Me reuní en Londres con Pellicer, nuestro corresponsal, un joven admirador de Pérez Reverte cuyo mayor deseo era convertirse en reportero de guerra. Se había ofrecido para ir a Afganistán, pero la dirección le consideraba aún inexperto. Eso le tenía bastante frustrado, así que aprovechó el atentado para tratar de meter ficha y vender su imagen de aguerrido corresponsal.

Puede que suene frío, incluso inhumano, hablar así de algo tan cruento e irracional como un atentado, pero hay que saber algo. Los reporteros, queramos o no, estamos hechos de otra pasta. Algunas personas tienen un filtro mental que les capacita para retener y explicar la belleza, otros son buenos para el cálculo, y algunos otros estamos aquí para contar lo peor, para indagar en los más repugnantes aspectos de la naturaleza humana.

Alguien tiene que contarlo. Es así de simple.

Durante las tres semanas siguientes estuve inmerso en territorio comanche, en la tierra de nadie, en esa zona en el borde del mapa donde los antiguos cartógrafos escribían “Cuidado, puede haber monstruos” con letra alargada y soñadora.

En el mundo hay monstruos, ocultos en las sombras de los callejones, justo donde el velo de lo racional es tan fino que una caricia puede rasgarlo. Siempre los hubo, y a principios de diciembre del 2012 aún permanecían tras el velo, asomando las garras sólo cuando una víctima propicia pasaba demasiado cerca de sus guaridas, sin notar el olor a moho y putrefacción que les delata siempre.

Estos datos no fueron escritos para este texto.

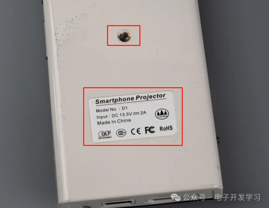 底部有四分之一螺丝口。铭牌上写着Smartphone Projector D1,关于这个投影仪,我网上查找资料愣是没找到,只在闲鱼看到一个全新未拆分的售价是999元。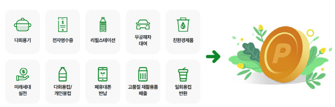 포인트 지급 대상 활동이 5개 추가된다. 나무심기 캠페인 참여 시 3000원, 가정용 베란다 태양광 설치 시 1만원의 포인트를 지급한다. 또 재생원료 사용제품 구매 시 건당 100원, 개인 장바구니 이용 시 회당 50원, 개인용기 식품포장 시 회당 500원의 포인트를 준다.

Ahora pasean por las calles de las grandes ciudades, disparan atrincherados tras montañas de muertos, francotiradores en nombre de una verdad absurda que no justifica la masacre, el genocidio que hemos sufrido. Puede haber monstruos, y ya entonces viajaban por el pulso de las corrientes cósmicas, camuflando el arañazo de sus zarpas sobre el suelo con el latido rítmico y constante de las corrientes. Pero por aquel tiempo aún podíamos cazarlos, aún estábamos en mayoría.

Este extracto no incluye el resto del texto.